Installed the chart, three pods are created and deployed to three members of the cluster. Not all members join the replicaset, sometimes two will, usually none at all (by running sequential installs and then deletes + purges). It feels like a race condition behaviour.

Here is the rs.conf() on each:

MongoDB server version: 3.4.6
{
    "_id" : "rs0",
    "version" : 1,
    "protocolVersion" : NumberLong(1),
    "members" : [
        {
            "_id" : 0,
            "host" : "hub-dev-mongo-mongodb-replicaset-0.hub-dev-mongo-mongodb-replicaset.default.svc.cluster.local:27017",
            "arbiterOnly" : false,
            "buildIndexes" : true,
            "hidden" : false,
            "priority" : 1,
            "tags" : {

            },
            "slaveDelay" : NumberLong(0),
            "votes" : 1
        }
    ],
    "settings" : {
        "chainingAllowed" : true,
        "heartbeatIntervalMillis" : 2000,
        "heartbeatTimeoutSecs" : 10,
        "electionTimeoutMillis" : 10000,
        "catchUpTimeoutMillis" : 60000,
        "getLastErrorModes" : {

        },
        "getLastErrorDefaults" : {
            "w" : 1,
            "wtimeout" : 0
        },
        "replicaSetId" : ObjectId("597f7ef5e67cf022d5102008")
    }
}

MongoDB server version: 3.4.6
{
    "_id" : "rs0",
    "version" : 1,
    "protocolVersion" : NumberLong(1),
    "members" : [
        {
            "_id" : 0,
            "host" : "hub-dev-mongo-mongodb-replicaset-1.hub-dev-mongo-mongodb-replicaset.default.svc.cluster.local:27017",
            "arbiterOnly" : false,
            "buildIndexes" : true,
            "hidden" : false,
            "priority" : 1,
            "tags" : {

            },
            "slaveDelay" : NumberLong(0),
            "votes" : 1
        }
    ],
    "settings" : {
        "chainingAllowed" : true,
        "heartbeatIntervalMillis" : 2000,
        "heartbeatTimeoutSecs" : 10,
        "electionTimeoutMillis" : 10000,
        "catchUpTimeoutMillis" : 60000,
        "getLastErrorModes" : {

        },
        "getLastErrorDefaults" : {
            "w" : 1,
            "wtimeout" : 0
        },
        "replicaSetId" : ObjectId("597f808198cf2eb1cb4745ad")
    }
}

MongoDB server version: 3.4.6
{
    "_id" : "rs0",
    "version" : 1,
    "protocolVersion" : NumberLong(1),
    "members" : [
        {
            "_id" : 0,
            "host" : "hub-dev-mongo-mongodb-replicaset-2.hub-dev-mongo-mongodb-replicaset.default.svc.cluster.local:27017",
            "arbiterOnly" : false,
            "buildIndexes" : true,
            "hidden" : false,
            "priority" : 1,
            "tags" : {

            },
            "slaveDelay" : NumberLong(0),
            "votes" : 1
        }
    ],
    "settings" : {
        "chainingAllowed" : true,
        "heartbeatIntervalMillis" : 2000,
        "heartbeatTimeoutSecs" : 10,
        "electionTimeoutMillis" : 10000,
        "catchUpTimeoutMillis" : 60000,
        "getLastErrorModes" : {

        },
        "getLastErrorDefaults" : {
            "w" : 1,
            "wtimeout" : 0
        },
        "replicaSetId" : ObjectId("597f80b0d50c877690939ef0")
    }
}

Deleting a pod doesn't seem to help.

What you expected to happen:

All members, once started, join the nominated replicaSet.

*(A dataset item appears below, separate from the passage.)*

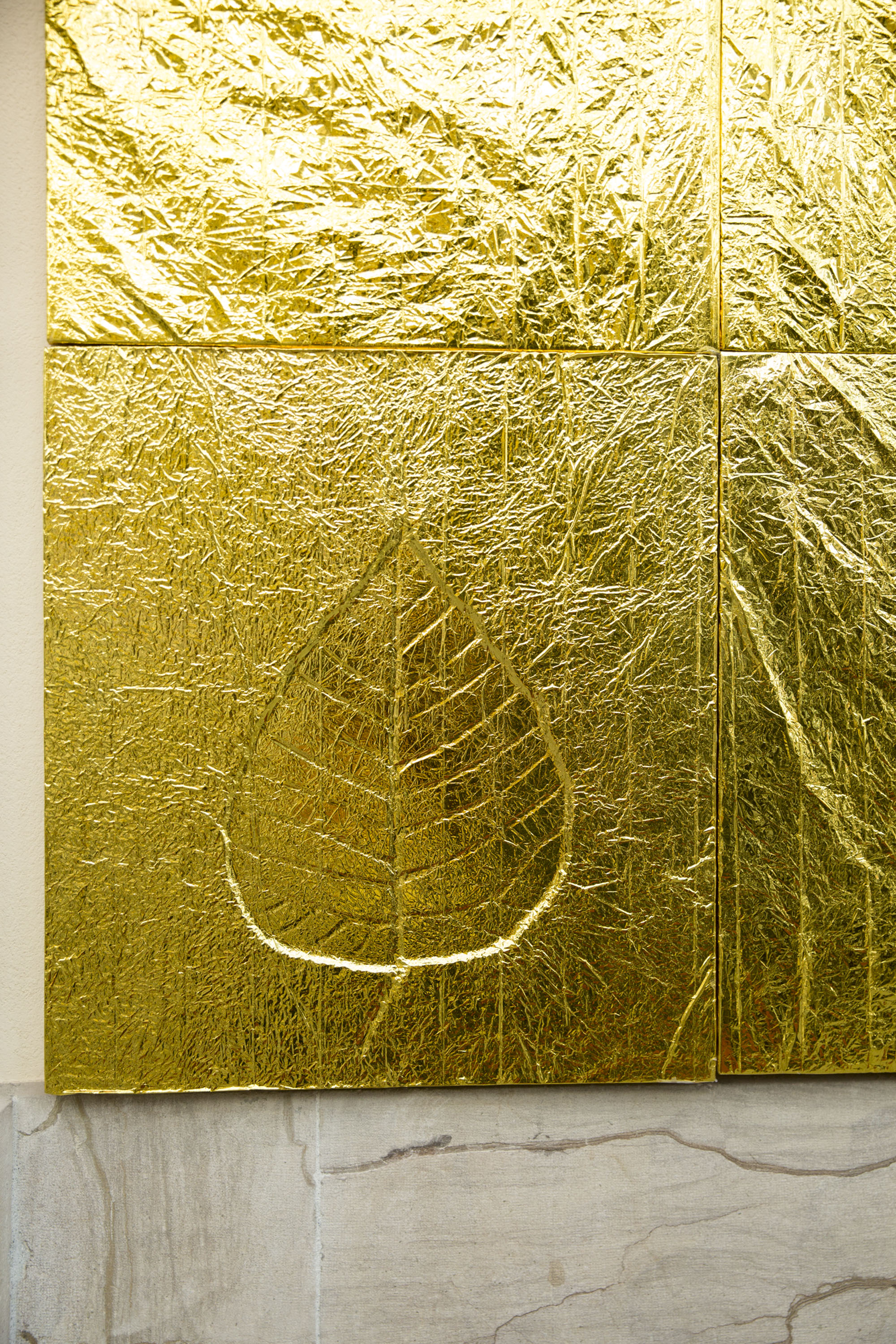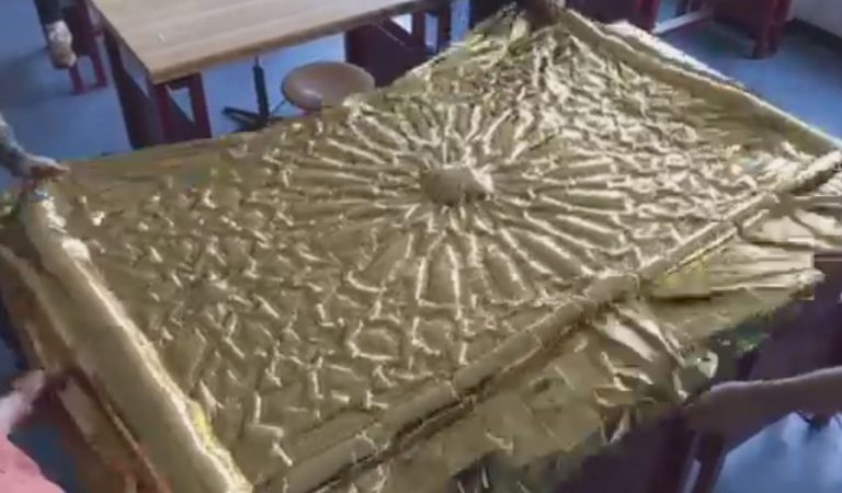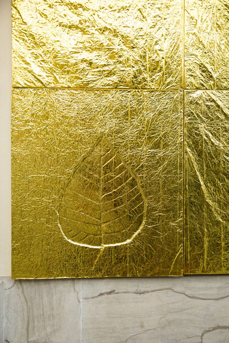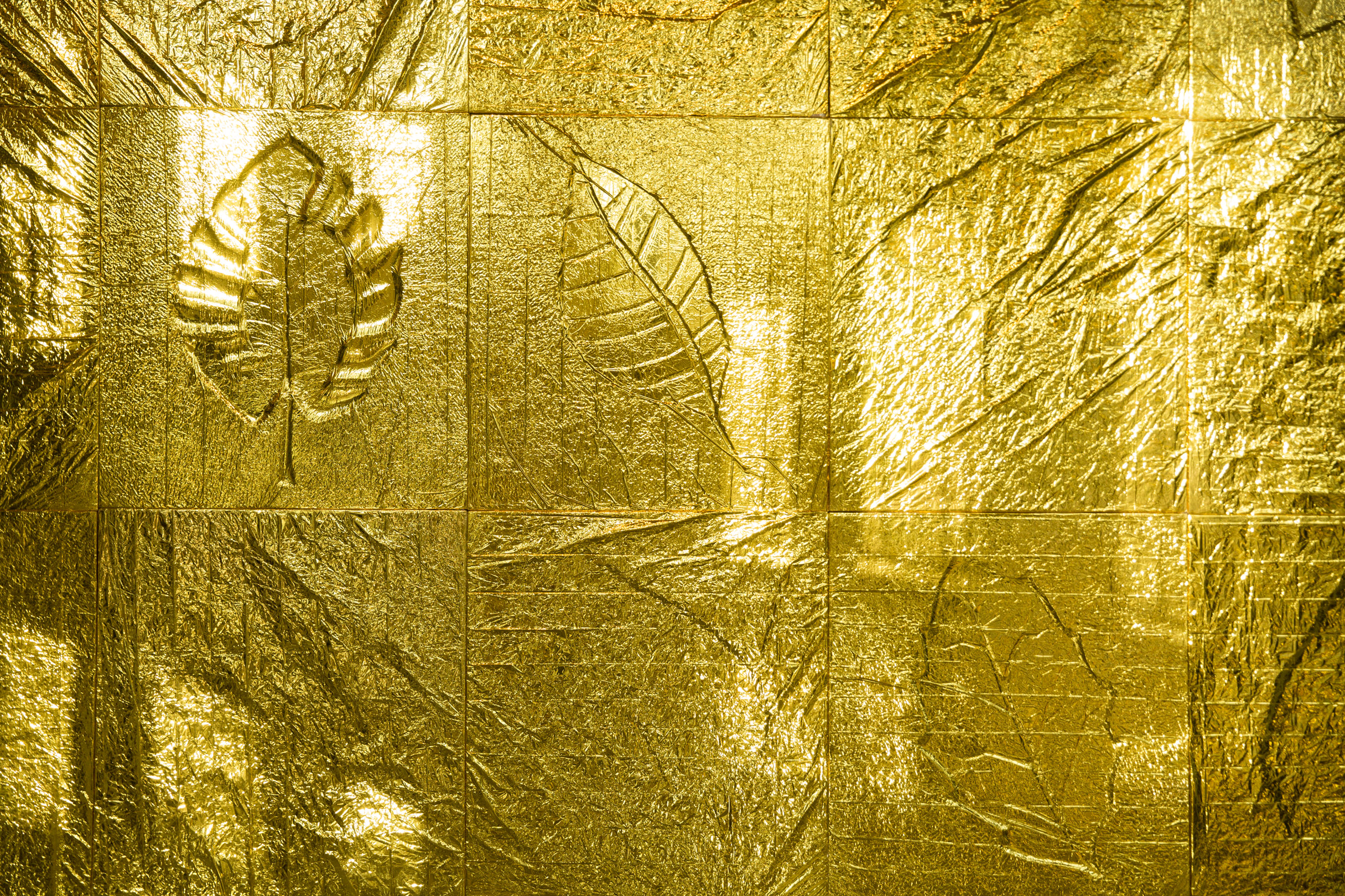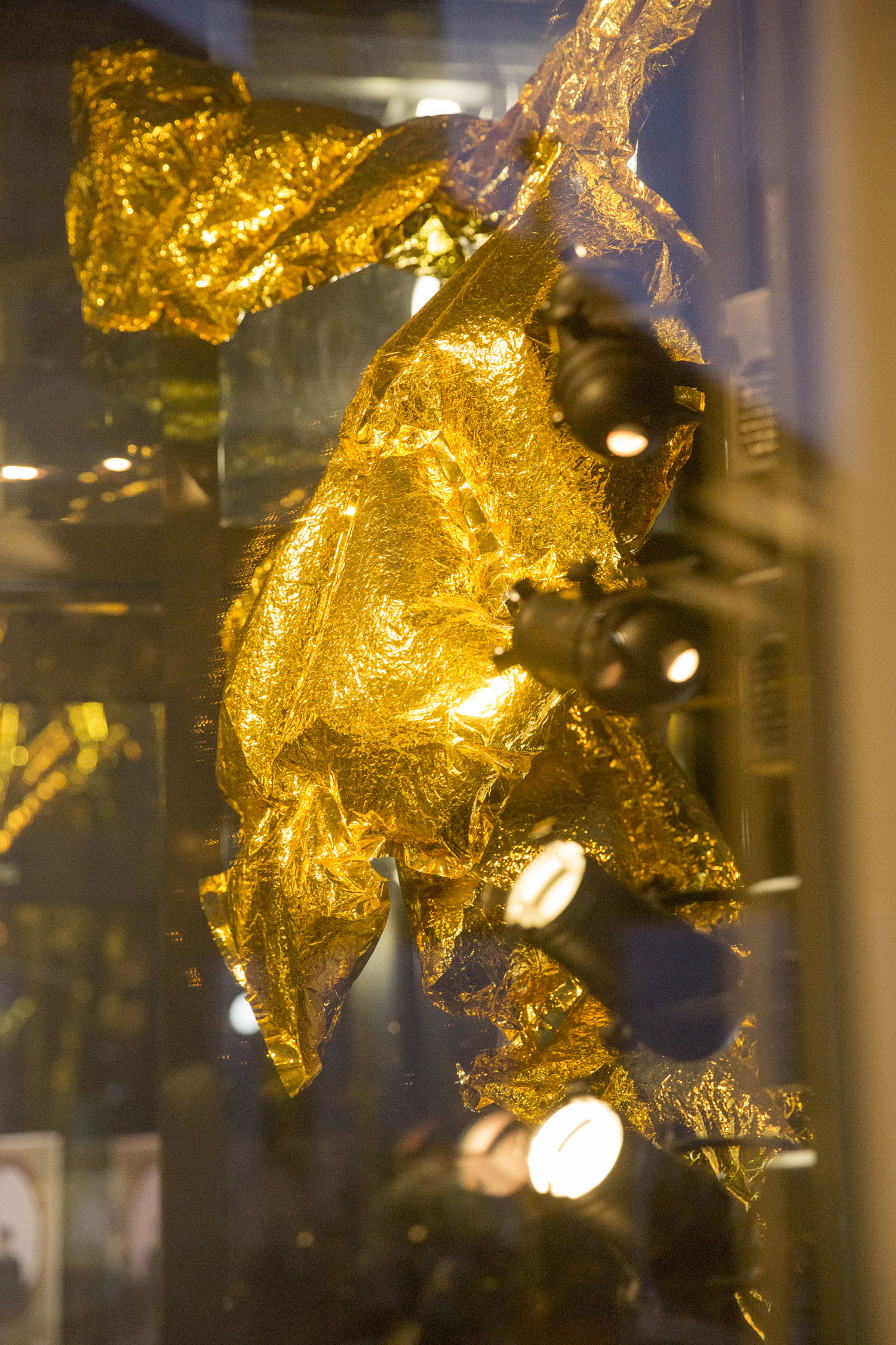 Création du décor pour le Théâtre Le Reflet de Vevey sur le thème végétal et gonflable avec des couvertures de survie dorées.

How to reproduce it (as minimally and precisely as possible): Run the install command, sometimes 2 members join the replicaSet, usually none.

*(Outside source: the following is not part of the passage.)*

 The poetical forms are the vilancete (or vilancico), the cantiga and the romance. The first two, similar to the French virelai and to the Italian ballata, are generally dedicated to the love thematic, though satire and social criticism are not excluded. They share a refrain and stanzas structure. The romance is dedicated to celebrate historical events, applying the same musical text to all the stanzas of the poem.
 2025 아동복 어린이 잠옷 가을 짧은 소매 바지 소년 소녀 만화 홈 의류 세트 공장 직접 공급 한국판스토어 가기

Anything else we need to know: This is a bare metal install of kubernetes on Core OS. The only noteworthy aspect of this set up is I'm using nfs-client storage to generate PVC requests to an external NAS (https://github.com/kubernetes-incubator/external-storage/tree/master/nfs-client). Perhaps a race condition around that and its performance (seems fast enough...)?

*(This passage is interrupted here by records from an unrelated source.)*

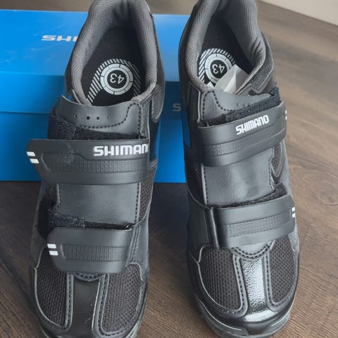 Shimano sykkelsko i størrelse 41. Modellen er svart og har borrelås- og spennelukking over vristen for god tilpasning. Overdelen har perforerte felt for ventilasjon. Egnet til bruk med klikkpedaler på sykkel, både til trening og turbruk, avhengig av kompatible cleats og pedaler.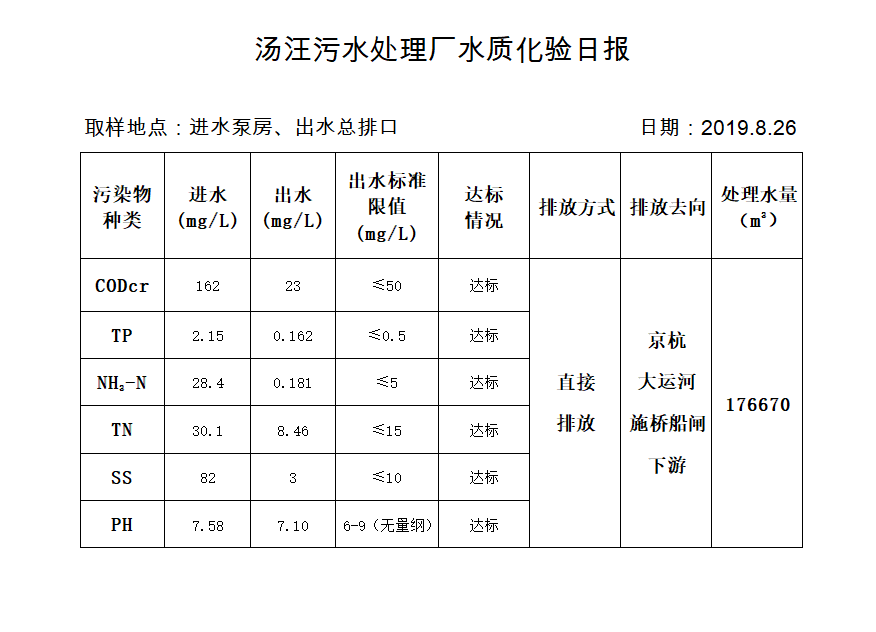 汤汪污水处理厂水质化验日报(2019.8.26)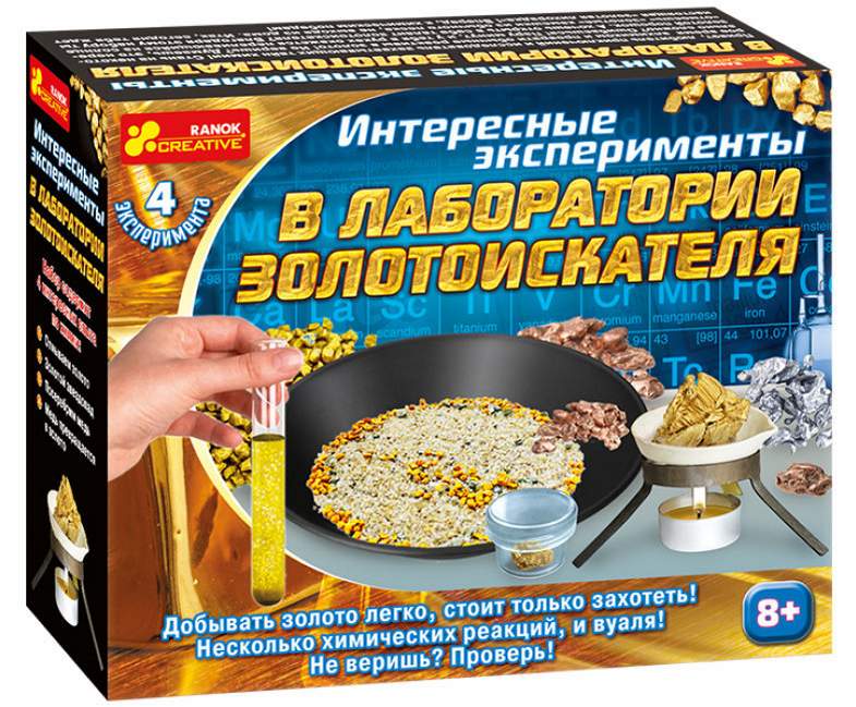 Стать алхимиком за пару часов и превратить обычные предметы в золото не только реально, но и легко! В наборе-лаборатории золотоискателя есть все необходимое для проведения экспериментов, а еще много интересных фактов о золоте. Всего лишь за пару минут можно научиться отмывать золото из обычного песка, увидеть настоящий золотой звездопад, превратить медь в золото. Набор золотоискателя станет отличным подарком для юных исследователей и любителей изучать новое, открывать научные тайны!

Not sure if that's relevant, volume claims do work fine on other applications.

unguiculus commented 7 years ago

Hm, sounds weird. I've been using this for months without such issues.

@foxish Any ideas?

ggn06awu commented 7 years ago

@unguiculus turned out two of the 5 worker nodes appeared healthy but actually had a docker bridge issue (not lifting the correct subnet from flannel's configuration). DNS resolution was subsequently timing out and the replicaSet wasn't able to resolve the other expected members. Closing accordingly, thanks for looking.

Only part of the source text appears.